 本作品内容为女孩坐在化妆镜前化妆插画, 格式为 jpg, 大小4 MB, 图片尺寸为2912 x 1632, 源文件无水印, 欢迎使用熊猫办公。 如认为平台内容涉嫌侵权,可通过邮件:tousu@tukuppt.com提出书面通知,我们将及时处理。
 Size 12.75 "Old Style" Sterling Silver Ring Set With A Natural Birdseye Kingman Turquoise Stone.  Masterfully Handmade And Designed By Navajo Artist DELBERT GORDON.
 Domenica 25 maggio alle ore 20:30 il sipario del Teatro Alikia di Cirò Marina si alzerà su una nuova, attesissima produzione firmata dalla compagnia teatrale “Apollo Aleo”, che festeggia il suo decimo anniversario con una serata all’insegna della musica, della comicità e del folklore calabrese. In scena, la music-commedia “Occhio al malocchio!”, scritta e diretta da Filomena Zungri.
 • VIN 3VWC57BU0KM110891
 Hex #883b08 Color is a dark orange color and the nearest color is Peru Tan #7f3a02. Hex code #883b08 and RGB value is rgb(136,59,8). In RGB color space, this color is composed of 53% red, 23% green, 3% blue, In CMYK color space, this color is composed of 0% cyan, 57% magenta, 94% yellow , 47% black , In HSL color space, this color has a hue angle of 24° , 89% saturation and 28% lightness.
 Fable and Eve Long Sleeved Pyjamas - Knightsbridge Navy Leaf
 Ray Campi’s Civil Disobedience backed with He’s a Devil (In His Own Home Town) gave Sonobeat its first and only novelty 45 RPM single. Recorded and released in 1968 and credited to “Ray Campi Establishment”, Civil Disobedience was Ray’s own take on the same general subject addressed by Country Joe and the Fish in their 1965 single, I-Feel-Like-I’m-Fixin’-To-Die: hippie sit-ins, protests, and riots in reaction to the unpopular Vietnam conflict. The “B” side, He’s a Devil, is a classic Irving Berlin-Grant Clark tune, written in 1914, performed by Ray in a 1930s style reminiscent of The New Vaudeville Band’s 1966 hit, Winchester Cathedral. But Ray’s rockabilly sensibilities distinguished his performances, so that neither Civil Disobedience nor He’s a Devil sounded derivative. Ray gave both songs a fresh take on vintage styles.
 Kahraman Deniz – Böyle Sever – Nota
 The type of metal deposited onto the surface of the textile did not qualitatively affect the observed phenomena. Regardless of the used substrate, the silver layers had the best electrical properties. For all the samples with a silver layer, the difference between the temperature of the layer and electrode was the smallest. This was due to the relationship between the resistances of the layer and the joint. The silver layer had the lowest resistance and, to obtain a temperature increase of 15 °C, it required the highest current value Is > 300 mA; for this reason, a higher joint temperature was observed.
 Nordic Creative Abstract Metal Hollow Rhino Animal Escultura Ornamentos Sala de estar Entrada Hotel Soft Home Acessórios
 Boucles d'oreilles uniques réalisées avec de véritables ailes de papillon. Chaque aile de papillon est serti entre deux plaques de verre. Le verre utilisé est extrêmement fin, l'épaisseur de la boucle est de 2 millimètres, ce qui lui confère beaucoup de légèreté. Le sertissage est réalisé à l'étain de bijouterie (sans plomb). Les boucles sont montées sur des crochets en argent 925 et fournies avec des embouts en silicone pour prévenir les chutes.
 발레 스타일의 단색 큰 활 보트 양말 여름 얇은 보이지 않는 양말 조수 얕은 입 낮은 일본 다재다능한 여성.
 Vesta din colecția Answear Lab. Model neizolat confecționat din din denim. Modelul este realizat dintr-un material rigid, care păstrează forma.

WHAT THE TASK ASKS – Would you please transcribe the records above in full and exactly?

WRITTEN SOLUTION –
 本作品内容为女孩坐在化妆镜前化妆插画, 格式为 jpg, 大小4 MB, 图片尺寸为2912 x 1632, 源文件无水印, 欢迎使用熊猫办公。 如认为平台内容涉嫌侵权,可通过邮件:tousu@tukuppt.com提出书面通知,我们将及时处理。
 Size 12.75 "Old Style" Sterling Silver Ring Set With A Natural Birdseye Kingman Turquoise Stone.  Masterfully Handmade And Designed By Navajo Artist DELBERT GORDON.
 Domenica 25 maggio alle ore 20:30 il sipario del Teatro Alikia di Cirò Marina si alzerà su una nuova, attesissima produzione firmata dalla compagnia teatrale “Apollo Aleo”, che festeggia il suo decimo anniversario con una serata all’insegna della musica, della comicità e del folklore calabrese. In scena, la music-commedia “Occhio al malocchio!”, scritta e diretta da Filomena Zungri.
 • VIN 3VWC57BU0KM110891
 Hex #883b08 Color is a dark orange color and the nearest color is Peru Tan #7f3a02. Hex code #883b08 and RGB value is rgb(136,59,8). In RGB color space, this color is composed of 53% red, 23% green, 3% blue, In CMYK color space, this color is composed of 0% cyan, 57% magenta, 94% yellow , 47% black , In HSL color space, this color has a hue angle of 24° , 89% saturation and 28% lightness.
 Fable and Eve Long Sleeved Pyjamas - Knightsbridge Navy Leaf
 Ray Campi’s Civil Disobedience backed with He’s a Devil (In His Own Home Town) gave Sonobeat its first and only novelty 45 RPM single. Recorded and released in 1968 and credited to “Ray Campi Establishment”, Civil Disobedience was Ray’s own take on the same general subject addressed by Country Joe and the Fish in their 1965 single, I-Feel-Like-I’m-Fixin’-To-Die: hippie sit-ins, protests, and riots in reaction to the unpopular Vietnam conflict. The “B” side, He’s a Devil, is a classic Irving Berlin-Grant Clark tune, written in 1914, performed by Ray in a 1930s style reminiscent of The New Vaudeville Band’s 1966 hit, Winchester Cathedral. But Ray’s rockabilly sensibilities distinguished his performances, so that neither Civil Disobedience nor He’s a Devil sounded derivative. Ray gave both songs a fresh take on vintage styles.
 Kahraman Deniz – Böyle Sever – Nota
 The type of metal deposited onto the surface of the textile did not qualitatively affect the observed phenomena. Regardless of the used substrate, the silver layers had the best electrical properties. For all the samples with a silver layer, the difference between the temperature of the layer and electrode was the smallest. This was due to the relationship between the resistances of the layer and the joint. The silver layer had the lowest resistance and, to obtain a temperature increase of 15 °C, it required the highest current value Is > 300 mA; for this reason, a higher joint temperature was observed.
 Nordic Creative Abstract Metal Hollow Rhino Animal Escultura Ornamentos Sala de estar Entrada Hotel Soft Home Acessórios
 Boucles d'oreilles uniques réalisées avec de véritables ailes de papillon. Chaque aile de papillon est serti entre deux plaques de verre. Le verre utilisé est extrêmement fin, l'épaisseur de la boucle est de 2 millimètres, ce qui lui confère beaucoup de légèreté. Le sertissage est réalisé à l'étain de bijouterie (sans plomb). Les boucles sont montées sur des crochets en argent 925 et fournies avec des embouts en silicone pour prévenir les chutes.
 발레 스타일의 단색 큰 활 보트 양말 여름 얇은 보이지 않는 양말 조수 얕은 입 낮은 일본 다재다능한 여성.
 Vesta din colecția Answear Lab. Model neizolat confecționat din din denim. Modelul este realizat dintr-un material rigid, care păstrează forma.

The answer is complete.